EXERCISE OBJECTIVE
Retype the opening lines of the listing below, ending with the line that contains "14k Yellow Gold", and leave out any pictures.

____ EXERCISE DATA

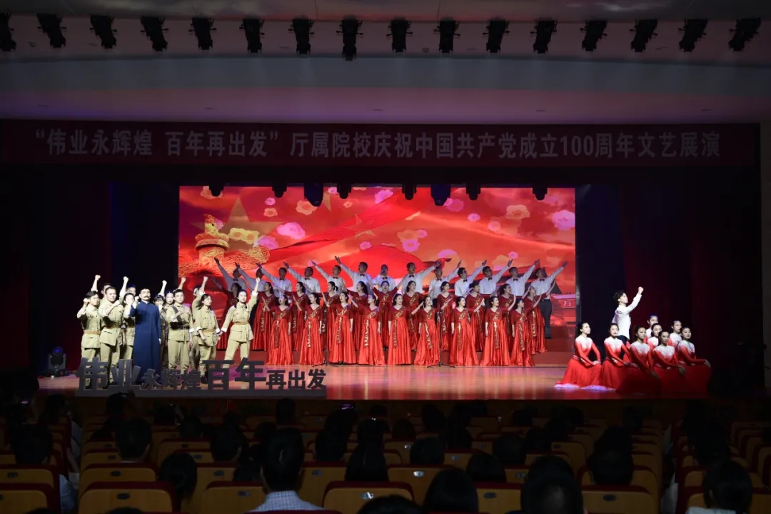 本次文艺展演,表演节目全部由厅属院校自创自编自演而成,以歌曲、朗诵、舞蹈、情景剧、独唱、合唱等艺术形式,体现了厅属院校师生的风采,歌颂了中国共产党百年历程中所取得的伟业,展现了交通人爱党爱国的坚定信念和行动自觉。整场演出在舞蹈《红旗颂》中开幕,在情景朗诵《红船,从南湖起航》中,沿着红船的航线,重温了中国共产党的光辉历程;一曲悲怆的《长城谣》,唱出背井离乡人们的心声,激起人们前仆后继抗日救亡的豪情;武术《少年中国说》,表达了交通青年对祖国的拳拳热爱;歌曲《再一次出发》用一首歌的时间,唱出了心中所有对祖国的崇敬与爱恋;大合唱《向往》表达了交通人永远跟党走,奋进新时代的爱国情怀……最后演出在声情并茂的散文诗《歌唱!祖国》中结束。整场文艺展演内容丰富、形式多样,精彩的演出深深吸引和打动了现场观众,赢得了热烈而持久的掌声。截止演出活动结束,线上直播平台共收获10.5万人次的点击量。
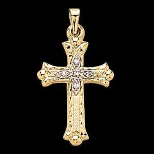 14k Yellow Gold Religious Pendant featuring a Gold Cross set with 5
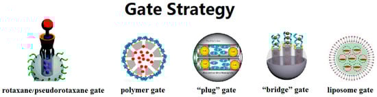 The gate strategy, which controls the flow of drug molecules, is the major highlight of MSN-based DDSs. The switch gates can exist in many forms: rotaxane/pseudorotaxane gates, polymer gates, “plug” gates, “bridge” gates, liposome gates, etc. (Figure 2). The switch function of rotaxane/pseudorotaxane type gates relies on the conformation change of these supramolecular assemblies. Non-covalent, intermolecular interactions such as electrostatic interaction, hydrophobic force and C–H···π interactions contribute to build the assemblies []. When the system is exposed to external stimuli, the original intermolecular forces are interrupted, resulting in conformational changes of the rotaxane/pseudorotaxane. On the orifice of MSNs, this changing conformation can change the blocking effect toward the internal drug molecules. Our research group has developed several such gates on MSNs. In 2014, we developed pseudo[1]rotaxane supramolecular nanovalves []. Anchoring a β-cyclodextrin derivative, mono-2-O-{1-(1H-benzoimidazol-2-yl-methyl)-1H-[1,2,3]triazole-4-ylmethyl}-β-cyclodextrin (BZI-βCD) onto the outside surface of MSNs through covalent bonds, the cavities of BZI-βCD were connected with the mesopores of MSNs. Under neutral conditions, the benzimidazole part would embed into the cavities of BZI-βCD driven by hydrophobic forces. When placed in an acidic solution, the protonated benzimidazole part detached from the cavity of BZI-βCD due to the decreased affinity constant. Therefore, the acid stimulus removes the blocking benzimidazole part and releases the p-coumaric acid molecules inside through the cavities of BZI-βCD. In our recent research, we installed another pseudo[2]rotaxane supramolecular nanovalve []. The release behavior was also triggered by a pH-caused conformation change: we realized switch binding between the novel macrocyclic molecule-carboxylic water-soluble pillar[5]arene (WP5) and the stalk molecule 1,6-(1-pyridiniumbromidehexyl)-hexanediamine (APy-HDA) with two different sites. In vitro experiment results show that DDSs with this gate have ablation ability towards MCF7 cells.

________

EXERCISE ANSWER
 本次文艺展演,表演节目全部由厅属院校自创自编自演而成,以歌曲、朗诵、舞蹈、情景剧、独唱、合唱等艺术形式,体现了厅属院校师生的风采,歌颂了中国共产党百年历程中所取得的伟业,展现了交通人爱党爱国的坚定信念和行动自觉。整场演出在舞蹈《红旗颂》中开幕,在情景朗诵《红船,从南湖起航》中,沿着红船的航线,重温了中国共产党的光辉历程;一曲悲怆的《长城谣》,唱出背井离乡人们的心声,激起人们前仆后继抗日救亡的豪情;武术《少年中国说》,表达了交通青年对祖国的拳拳热爱;歌曲《再一次出发》用一首歌的时间,唱出了心中所有对祖国的崇敬与爱恋;大合唱《向往》表达了交通人永远跟党走,奋进新时代的爱国情怀……最后演出在声情并茂的散文诗《歌唱!祖国》中结束。整场文艺展演内容丰富、形式多样,精彩的演出深深吸引和打动了现场观众,赢得了热烈而持久的掌声。截止演出活动结束,线上直播平台共收获10.5万人次的点击量。
 14k Yellow Gold Religious Pendant featuring a Gold Cross set with 5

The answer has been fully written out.